[Problem description]:
In the entries below, which lines run from the one with "Приведенные напряжения на" through the one with "In the 240 prose"? Repeat exactly those, both included, and no pictures.

[Data]:
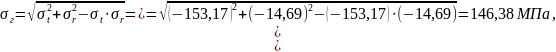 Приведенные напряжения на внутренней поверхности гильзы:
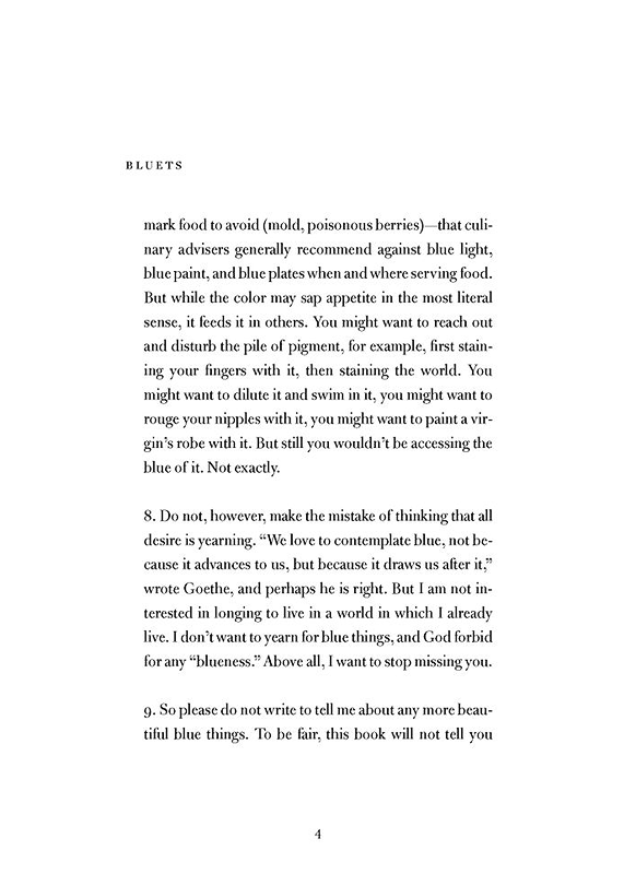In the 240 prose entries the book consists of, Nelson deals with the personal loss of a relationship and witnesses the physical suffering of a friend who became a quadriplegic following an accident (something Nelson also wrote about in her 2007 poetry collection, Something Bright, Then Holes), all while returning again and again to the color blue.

--

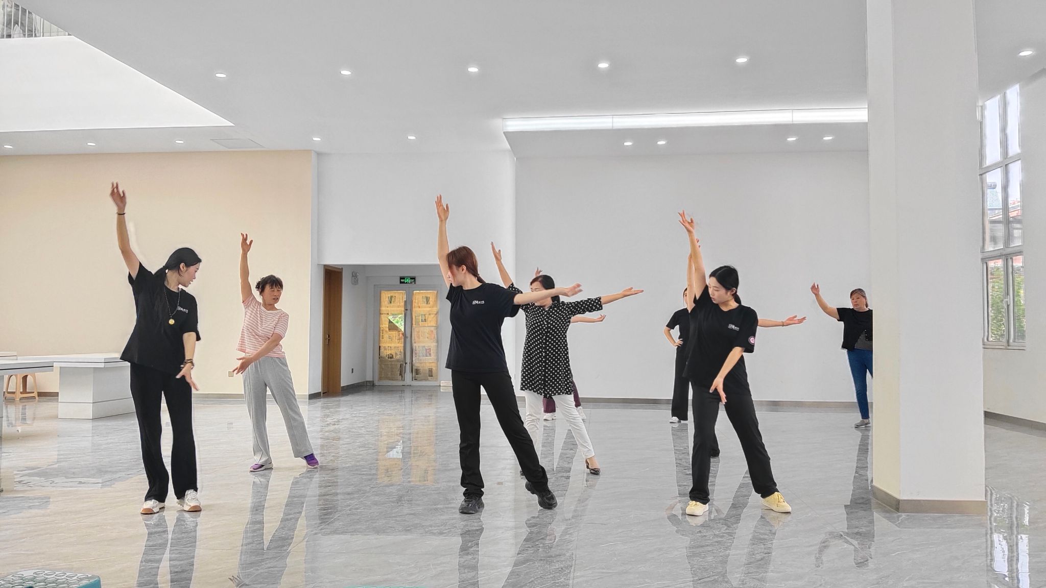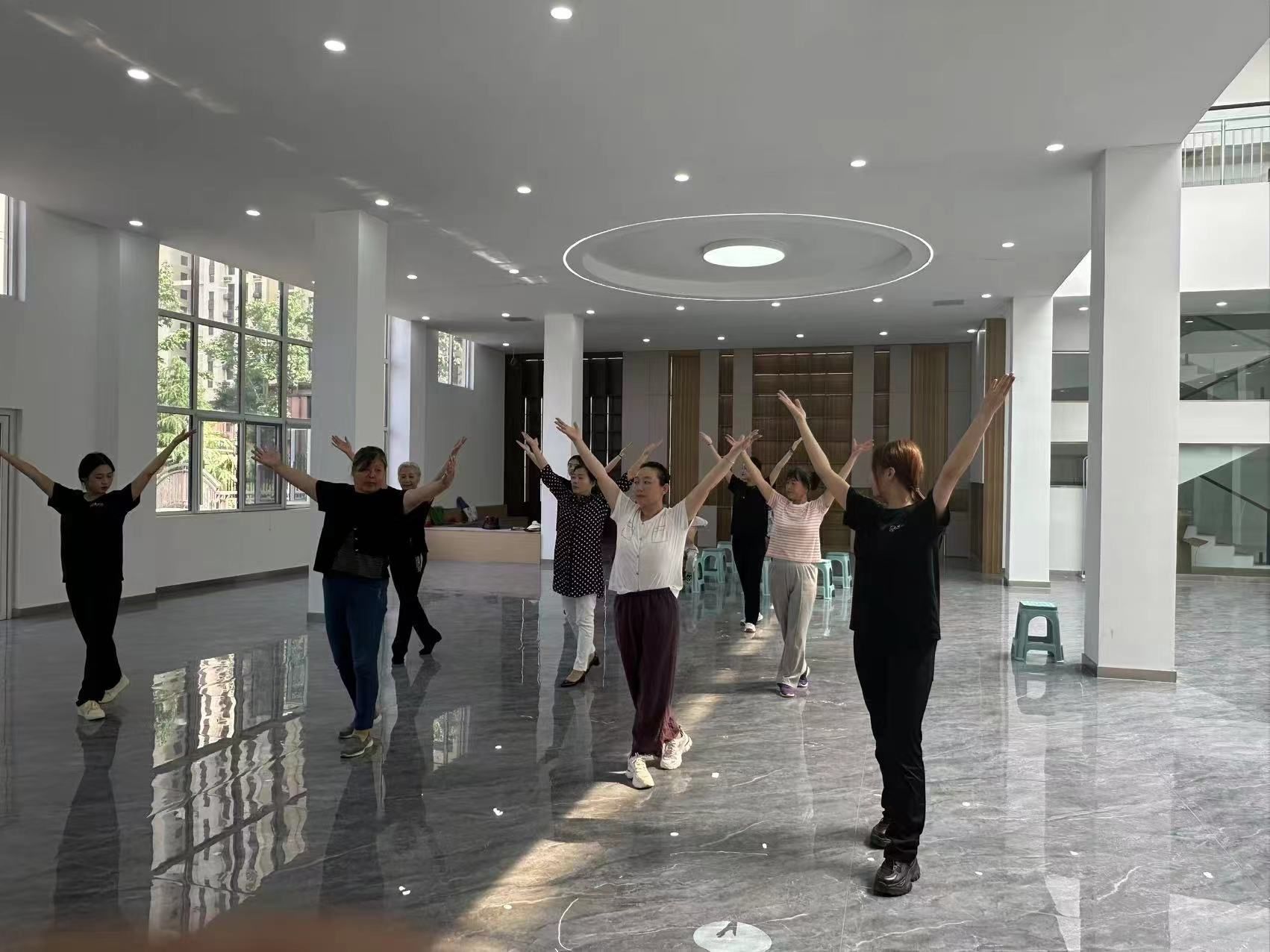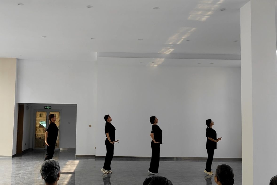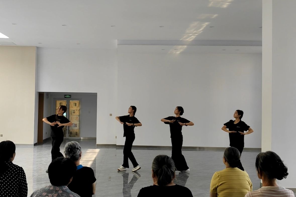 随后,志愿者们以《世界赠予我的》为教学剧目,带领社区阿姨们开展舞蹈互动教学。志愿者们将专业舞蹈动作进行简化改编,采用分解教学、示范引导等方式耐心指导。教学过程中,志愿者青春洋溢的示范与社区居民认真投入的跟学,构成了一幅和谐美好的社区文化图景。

[Problem solution]:
 Приведенные напряжения на внутренней поверхности гильзы:
In the 240 prose entries the book consists of, Nelson deals with the personal loss of a relationship and witnesses the physical suffering of a friend who became a quadriplegic following an accident (something Nelson also wrote about in her 2007 poetry collection, Something Bright, Then Holes), all while returning again and again to the color blue.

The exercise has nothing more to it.